Chapter 33
The Genus, of which the two Terms are Specieses, is called the '=Universe of Discourse=,' or (more briefly) the '=Univ.='
The Sign of Quantity is "Some" or "No" or "All".
[Note that, though its Sign of Quantity tells us _how many_ Members of its Subject are _also_ Members of its Predicate, it does not tell us the _exact_ number: in fact, it only deals with _three_ numbers, which are, in ascending order, "0", "1 or more", "the total number of Members of the Subject".]
It is called "a Proposition of Relation" because its effect is to assert that a certain _relationship_ exists between its Terms.
pg013 § 2.
_Reduction of a Proposition of Relation to Normal form._
The Rules, for doing this, are as follows:--
(1) Ascertain what is the _Subject_ (i.e., ascertain what Class we are _talking about_);
(2) If the verb, governed by the Subject, is _not_ the verb "are" (or "is"), substitute for it a phrase beginning with "are" (or "is");
(3) Ascertain what is the _Predicate_ (i.e., ascertain what Class it is, which is asserted to contain _some_, or _none_, or _all_, of the Members of the Subject);
(4) If the Name of each Term is _completely expressed_ (i.e. if it contains a Substantive), there is no need to determine the 'Univ.'; but, if either Name is _incompletely expressed_, and contains _Attributes_ only, it is then necessary to determine a 'Univ.', in order to insert its Name as the Substantive.
(5) Ascertain the _Sign of Quantity_;
(6) Arrange in the following order:--
Sign of Quantity, Subject, Copula, Predicate.
[Let us work a few Examples, to illustrate these Rules.
(1)
"Some apples are not ripe."
(1) The Subject is "apples."
(2) The Verb is "are."
(3) The Predicate is "not-ripe * * *." (As no Substantive is expressed, and we have not yet settled what the Univ. is to be, we are forced to leave a blank.)
(4) Let Univ. be "fruit."
(5) The Sign of Quantity is "some."
(6) The Proposition now becomes
"Some | apples | are | not-ripe fruit."
pg014 (2)
"None of my speculations have brought me as much as 5 per cent."
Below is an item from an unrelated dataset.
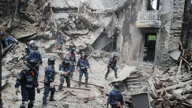 В Мариуполе оккупанты разбирают завалы в Драмтеатре. Фото: Телеграм

(1) The Subject is "my speculations."
(2) The Verb is "have brought," for which we substitute the phrase "are * * * that have brought".
(3) The Predicate is "* * * that have brought &c."
(4) Let Univ. be "transactions."
(5) The Sign of Quantity is "none of."
(6) The Proposition now becomes
"None of | my speculations | are | transactions that have brought me as much as 5 per cent."
(3)
"None but the brave deserve the fair."
To begin with, we note that the phrase "none but the brave" is equivalent to "no _not_-brave."
(1) The Subject has for its _Attribute_ "not-brave." But no _Substantive_ is supplied. So we express the Subject as "not-brave * * *."
(2) The Verb is "deserve," for which we substitute the phrase "are deserving of".
(3) The Predicate is "* * * deserving of the fair."
(4) Let Univ. be "persons."
(5) The Sign of Quantity is "no."
(6) The Proposition now becomes
"No | not-brave persons | are | persons deserving of the fair."
(4)
"A lame puppy would not say "thank you" if you offered to lend it a skipping-rope."
(1) The Subject is evidently "lame puppies," and all the rest of the sentence must somehow be packed into the Predicate.
(2) The Verb is "would not say," &c., for which we may substitute the phrase "are not grateful for."
(3) The Predicate may be expressed as "* * * not grateful for the loan of a skipping-rope."
(4) Let Univ. be "puppies."
(5) The Sign of Quantity is "all."
(6) The Proposition now becomes
"All | lame puppies | are | puppies not grateful for the loan of a skipping-rope."
pg015 (5)
"No one takes in the _Times_, unless he is well-educated."
(1) The Subject is evidently persons who are not well-educated ("no _one_" evidently means "no _person_").
(2) The Verb is "takes in," for which we may substitute the phrase "are persons taking in."
(3) The Predicate is "persons taking in the _Times_."
(4) Let Univ. be "persons."
(5) The Sign of Quantity is "no."
(6) The Proposition now becomes
"No | persons who are not well-educated | are | persons taking in the _Times_."
(6)
"My carriage will meet you at the station."
(1) The Subject is "my carriage." This, being an 'Individual,' is equivalent to the Class "my carriages." (Note that this Class contains only _one_ Member.)
(2) The Verb is "will meet", for which we may substitute the phrase "are * * * that will meet."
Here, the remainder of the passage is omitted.